Items listed in a dataset:

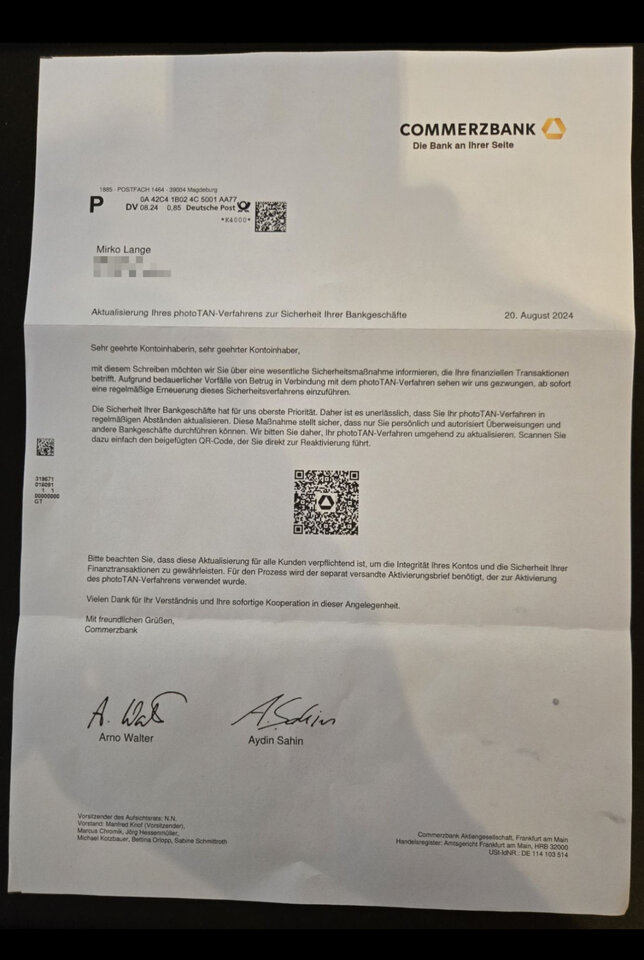 Ja, die Commerzbank warnt aktuell selber vor diesen Schreiben.Wirklich Fake?
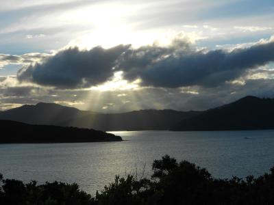 Der Tag fängt super an! Nachdem wir verwarnt wurde, denn wir haben unsere Auto versehentlicher Weise auf dem falschen Platz geparkt, fahren wir weiter und der gute Tuatara ist irgendwie nicht so er selbst heute. Schon die ganze Zeit macht er Mucken und dann an einem Hang macht er nicht mehr mit und der Motor geht aus und wir rollen rückwärts. Ich schalte nicht schnell genug von dem Schock und rolle in den Graben, aber so richtig schön. Hanna klettert auf ihrer Seite raus und versucht zu schieben, denn ihre Seite steckt nach Versuchen hinauszukommen jetzt vollständig im Graben und nah an einer Felswand. Sie versucht zu schieben, aber auch das klappt nicht. Wir müssen ziemlich hilflos ausgesehen haben, denn das erste Auto hält sofort an und natürlich hat der gut vorbereitete Mann ein Seil dabei (es scheint jeder Kiwi hat so was im Kofferraum) und versucht uns rauszuziehen. Leider ist der gute Tuatara nicht gerade der leichteste und es klappt nicht so gut. Aber das nächste Auto stoppt natürlich auch und der nächste hilfreiche Mann mit Seil muss her und mit vereinter Kraft ziehen die beiden Autos unseres aus dem Graben. Im Nachhinein ist es eigentlich ziemlich lustig, vor allen Dingen, weil Hanna und ich jetzt quitt sind und Jeder einmal einen Graben mitgenommen hat. Wir fahren allerdings lieber vorsichtshalber mal in die Werkstatt. Allerdings macht die erst um neun auf und so sitzen wir eine Stunde im Auto und vertrödeln unsere Zeit mit Frühstück. Als der gute Mann dann endlich kommt, reicht ein kurzer Blick, um zu sagen, dass alles gut ist, wir aber dringend einen Ölwechsel brauchen. Wir beschließen nach Picton zu fahren und gehen dort in die Bücherei, um eine Werkstatt zu finden. Nachdem wir einiges erledigt haben, geben wir dann unseren guten Tuatara in die vertrauenswürdigen Hände des Mechanikers und warten. Zum Glück gibt es wenigstens Kaffee, um das Warten einfacher zu machen. Nach einer Weile ist der Gute dann wieder vollkommen in seiner alten Form und wir machen einen Termin, um morgen auch noch die Warrant of Fitness (quasi den TÜV) für den Lieben zu bekommen, denn der läuft bald aus. Wir wandern noch einen Weile durch eine Bucht, an der ganze Kolonien von Miesmuscheln leben. Ich mache zwei ab, damit Hanna auch mal Muscheln probieren kann, und wir finden zwei schöne Pauamuscheln, die den Weg in unseren Koffer finden werden. Mit dem Sonnenuntergang im Hintergrund fällt es auch wieder leichter zu lachen, nach einem ziemlich bescheidenen Start in den Tag.
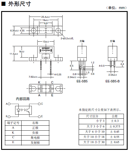 產品說明:微型光電傳感器[反射型] 為防塵構造。 利用可見光濾光器減少日光燈的影響。 可用M3 螺釘安裝。 焊接用端子型:EE-SB5 印刷線路板用端子型:EE-SB5-B
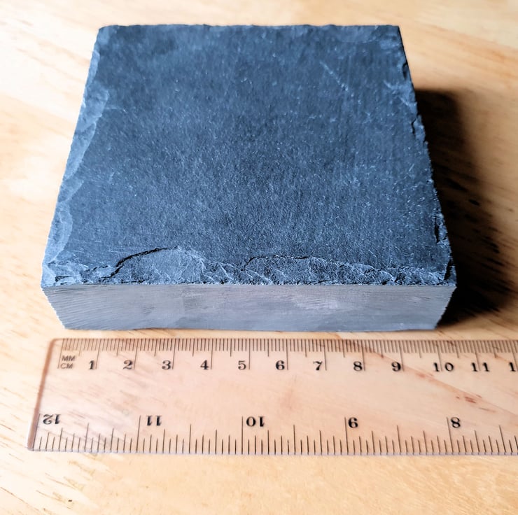 A rustic slate block, ideal for your own craft projects for hand or machine carvings. This is a natural product and thus each one is unique with uneven surfaces on both the front and back, which gives them a rustic feel. All four sides are machine cut, so quite smooth by comparison (please see photos).
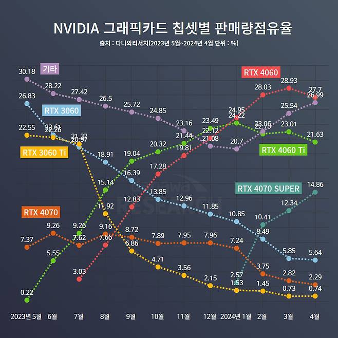 RTX 4070 SUPER 그래픽카드 판매량 점유율 Top 4

PROBLEM STATEMENT =>
No pictures belong in the copy: reproduce exactly the lines above from the one that contains "A rustic slate" through the last line of the entries.

SOLUTION =>
 A rustic slate block, ideal for your own craft projects for hand or machine carvings. This is a natural product and thus each one is unique with uneven surfaces on both the front and back, which gives them a rustic feel. All four sides are machine cut, so quite smooth by comparison (please see photos).
 RTX 4070 SUPER 그래픽카드 판매량 점유율 Top 4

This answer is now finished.